How bad does it need to be?
And if these are the people that stayed, who has left?
How bad was it?
I have no doubt that the worst of it has been shielded from me. I have not trekked to out-of-the-way indigenous villages where the malnutrition percentages among children jump to well over 50 percent. I have not wandered into the worst of the crime-ridden areas to see who manages there.
But even so, I understand that it would take a lot for any of us to make that decision — to uproot, to leave our homes, our families, our country, our cultures and all that we know; to go without guaranteed access to food and water; to walk some 4500 miles; to drag our children and carry our babies all that way; to arrive, finally, a place we already know full well doesn’t want us.
How bad was it?
The photos show strollers; little girls in princess shirts; families sleeping, stacked, on pavement; parents pulling their son in a toy car and carrying nothing but two small backpacks and a plastic bag.
There was no work.
There was no food.
Their loved ones were murdered by gangs.
Their children were in danger.
Their departure is a plea to a far more privileged nation that they’re in severe trouble, and they need help. But they’re not misinformed. They realize they could be heading toward danger still, perhaps toward more U.S. military troops than are currently in Syria fighting ISIS, as our president has promised.

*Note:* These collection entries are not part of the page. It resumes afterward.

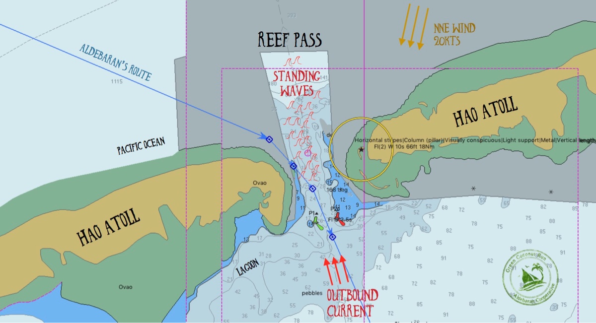 From afar in the lumpy seas, we watched the waves on the pass for 25 minutes. Eventually we gained confidence in the timing of the swell and pattern of breaking waves. We planned the approach at a diagonal angle to the pass, starting close to the western side and moving to mid channel.
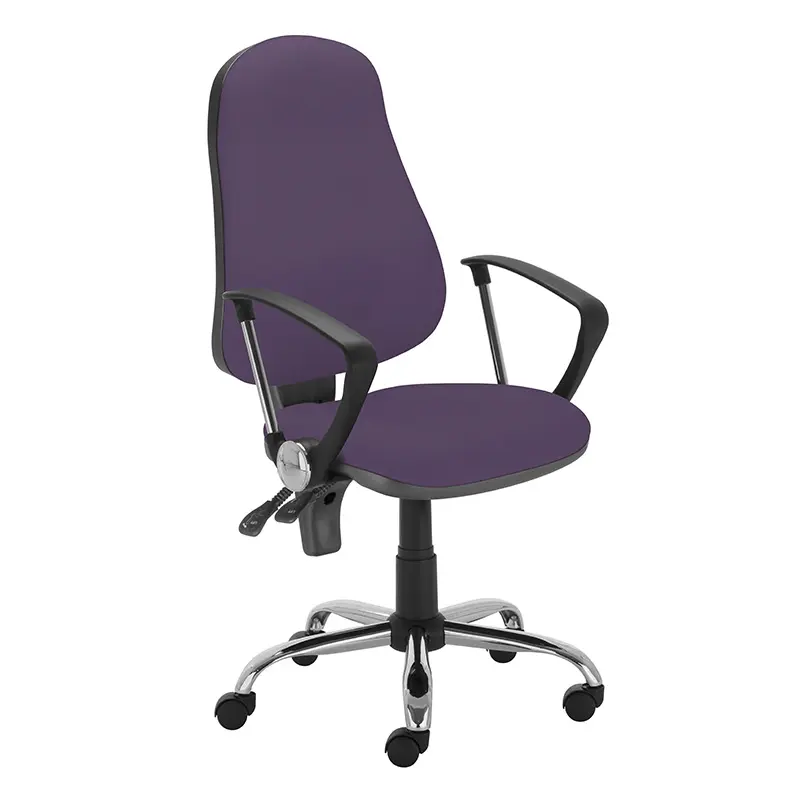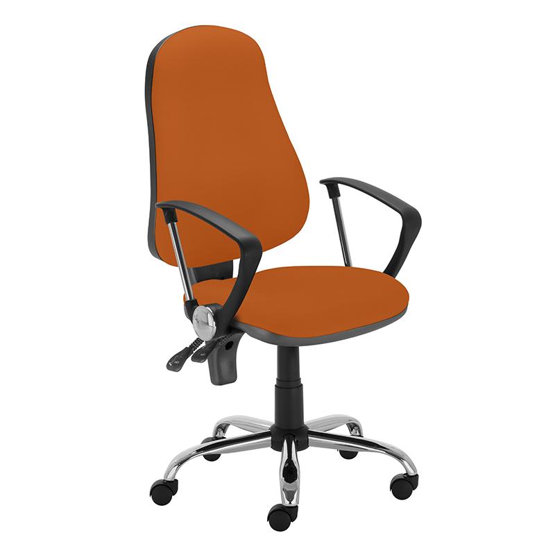 Работен стол РАДОСТИНА се отличава с класически дизайн, комфорт, практичност, функционалност и стабилност. Облицован е с висококачествена дамаска, снабден е с полипропиленови подлакътници, а основата му е изработена от метал с хромирано покритие.
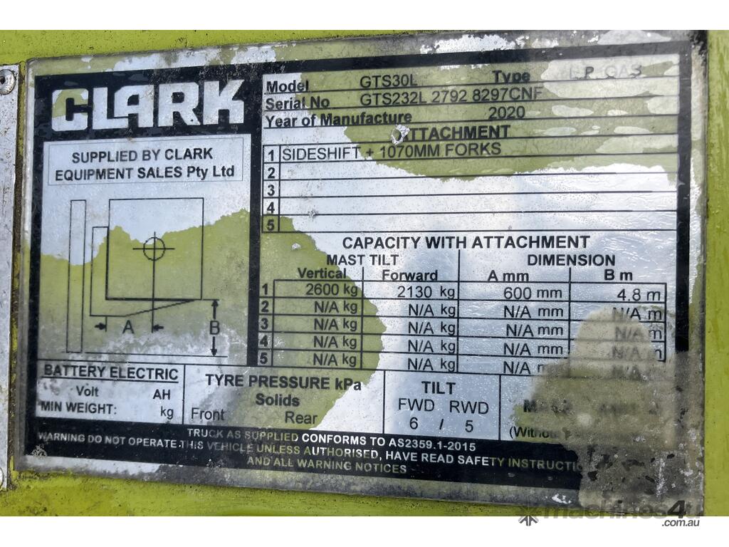 USED # Clark GTS30L # 3 Tonne Gas Forklift # 3000kg Load Capacity # 4800mm Lift Height # 1070mm Fork Tynes # Side Shift # QUICK & EASY FINANCE AVAILABLE
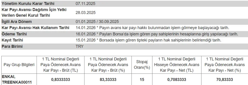 ENKAI temettüsünde stopaj kesintisinin ardından hak sahibi yatırımcılara ödenecek olan net nakit tutar 0,7083 TL olacaktır. Temettü ödemesi için belirlenne tarih ise 14 Ocak 2026. Şu anda hesabınızda ENKAI hissesi olmasa bile 14 Ocak gününden 1 gün öncesine kadar hisseyi borsadan satın alan bütün yatırımcılar bu temettü ödemesini almaya hak kazanacaktır.

I met a young mother, originally from Bolivia, on a shuttle to Lanquín this past weekend. She and her husband, originally from Guatemala, have lived in the states for many years and now live in Guatemala City. Her kids were beautiful and bilingual but understood already the sense of being unwanted.
“I fear the troops may be given the OK to shoot” at the caravan migrants, she said. “But worse, I fear there are many in the states who will be OK with it.”

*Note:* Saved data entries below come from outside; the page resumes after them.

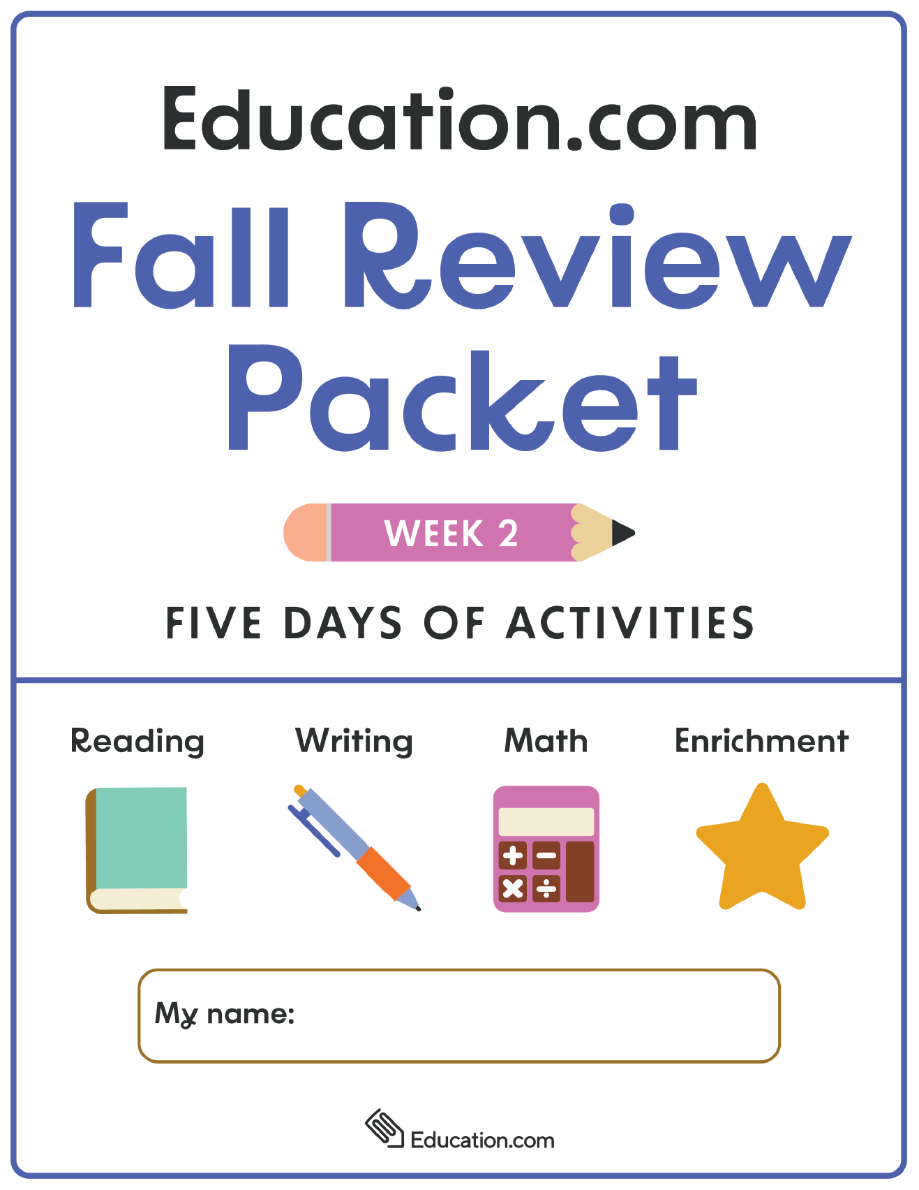 This Second Grade Fall Review Packet - Week 2 provides five full days of learning activities in reading, writing, math, and other fun topics.
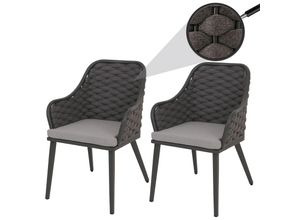 2er-Set Gartenstuhl MCW-O12, Outdoor Sitz-/Rückenpolster Aluminium Seilgeflecht Rope ~ anthrazit, Bezug dunkelgrau
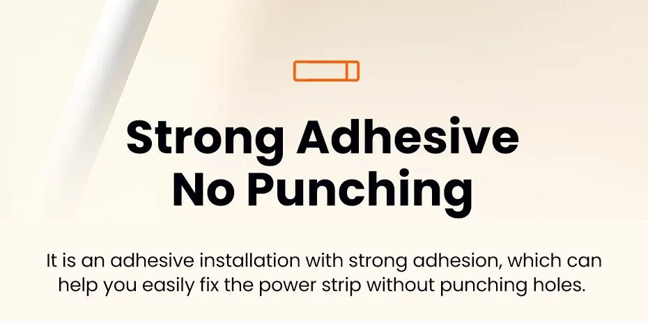 [Diseño Punch-Libre]Es una instalación adhesiva con una fuerte adhesión, que puede ayudarlo a fijar fácilmente la tira de alimentación sin perforar agujeros.
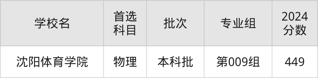 首选物理科目考生能上的有1所,全部在本科批次录取。具体有:沈阳体育学院第009组(449分)。

Most in the caravan are aware of the risks. Still, they walk.
“We prefer to die on the American border,” said one woman quoted in a New York Times article, “than die in Honduras from hunger.”
So they’re heading toward the U.S. — not someday but now; not because they’re intrigued but because they’ve exhausted their choices. They’re wearing through flip flop soles; they’re drinking from rivers; they’re showering with buckets; they’re sleeping under plastic bags in the rain; they’re burning in the sun; they’re shivering in the night; they’re evacuating; they’re escaping; they’re saying bitter goodbyes; they’re putting themselves through this with a dimming hope as the only driving force; with a secure knowledge that nothing, nothing, can be worse than what they’ve left.
How bad was it?
Thanks to our great privilege, we can’t really understand; we can only imagine.